KEGG pathway analysis revealed key BPD-related pathways, including the MAPK signaling pathway, RAS signaling pathway, and extracellular matrix (ECM)-receptor interactions. These findings are consistent with the established pathophysiological mechanisms of cell proliferation, differentiation, apoptosis, and stress response. The MAPK signaling pathway plays an important role in mediating hyperoxia-induced lung injury (42). It has been demonstrated that exposure to 95% oxygen and H₂O₂ stress activates MAPK family members p38 and JNK, which in turn induce apoptosis and cell damage. Conversely, the specific inhibition of MAPK activation has been shown to improve cell survival (43). This study observed high miR-9-5p expression in the hyperoxia-induced injury cells, suggesting that it may promote BPD progression through pathways such as MAPK signaling. Moreover, the ACE-2/Ang(1–7)/Mas axis in the RAS is associated with acute lung injury, pulmonary hypertension, and pulmonary fibrosis (44). Studies indicate that ACE-2 expression is significantly reduced under hyperoxia (45), and the Mas receptor antagonist A779 can reverse the protective effect of ACE-2 (46,47). Hyperoxia caused high airflow restriction, increased pulmonary expression of the pro-fibrotic RAS pathway, and decreased expression of the pro-developmental in BPD mouse model (48,49). miR-9-5p promotes NF-κB activation in pancreatic cancer and endometriosis by targeting SIRT1, thereby enhancing inflammation and tumor progression, while in traumatic brain injury and systemic lupus erythematosus, it suppresses NF-κB signaling via PTCH1 or direct inhibition of NFKB1, alleviating neuroinflammation and immune dysfunction. This dual role highlights miR-9-5p as a versatile modulator of inflammation, with implications for diverse pathological contexts.
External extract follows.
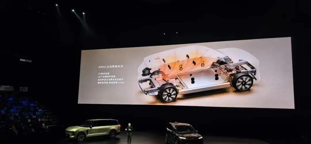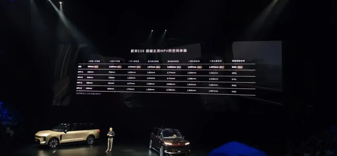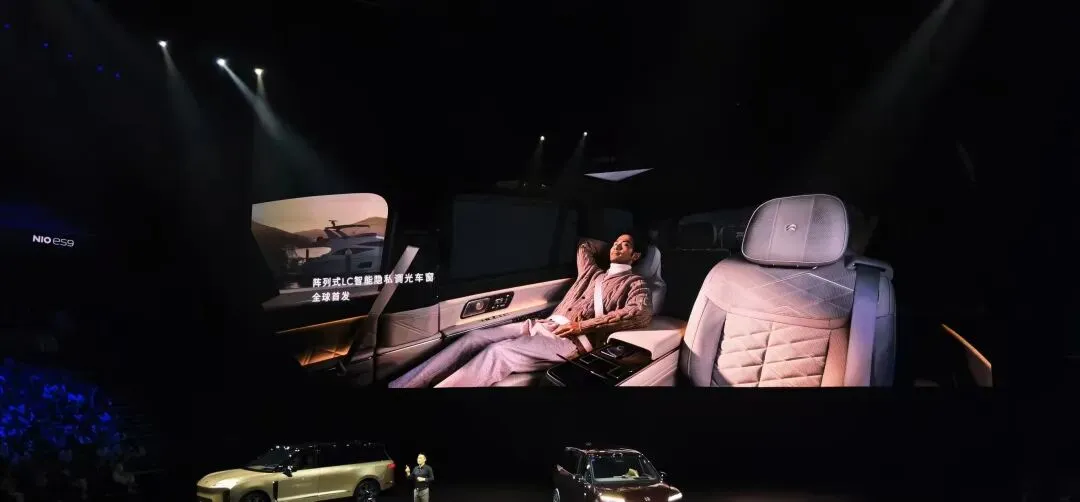 ES9的尺寸为:5365mm*2029mm*1870mm,轴距为3250mm。如果只看参数你毫无感觉的话,那么借鉴下当前顶流的MPV理想MEGA的三围参数:5350mm*1965mm*1850mm。再对比极氪009与小鹏X9的尺寸,你会发现ES9虽然作为一台SUV,但体格超越了一台大型MPV。更大的尺寸带来更为宽裕的内部空间,在车内各个尺寸对比方面,均为同级别第一。斌哥发布会上反复强调的“座座都是MVP,忘掉MPV”是真的。因为ES9足够大,大到怕车内乘客之间无法交流,特意为第三排乘客安排了对讲系统,方便与第一排乘客进行交流。ES9车内扬声器数量多达47个,额定功率高达3020W,运用了碳纤维、凯夫拉、铝合金、钻石等高级材质,采用9.2.4.8布局。47个扬声器的数量超越了华为尊界的43个,应是当前汽车上配备扬声器数量最多的一款车型。ES9还是全球首款围绕声学系统原生设计座舱的车型。整车的隔音系统同样出类拔萃,在120km时速下,整车噪音控制在59.2分贝,对比竞品的65分贝左右,这是行业里顶级的NVH表现。如果对数字不敏感,那么更直观的表达就是:65分贝大约相当于城市车流密集的主干道或者嘈杂的餐馆里的声音;59分贝是郊区普通街道或者安静咖啡馆的背景音,属于安静能清晰听到细节的级别。ES9采用了高达5层超静音玻璃,配备SPVB超静音玻璃;全车近25平方米的声学隔音材料,超60处超克重吸音棉,超50处车身空腔填注声学发泡与阻隔设计。ES9还采用了主动降噪系统,28个高精度传感器搭配噪音检测系统,反向声波主动精准抵消噪音。这次在ES9上,全球首发了阵列式LC智能隐私调光车窗。可以做到全车光线完全阻隔。阵列式LC智能隐私调光车窗是一种通过电压精确控制液晶排列,在透明与隐私之间无级调节的高端技术。阵列式精准分区控制:能将车窗划分成微小独立单元,实现精细的像素级“灰阶”调节,例如在不破坏整体隐私的前提下,只保留一条窄缝用来观察外界环境。

A PPI network analysis was conducted from the STRING database using 129 intersecting predicted target genes. This initiative aimed to gain insights into potential treatment strategies and biomarker discovery for BPD. Among all the nodes, GCH1 formed a major node, suggesting its significant regulatory role in the associated pathophysiological processes.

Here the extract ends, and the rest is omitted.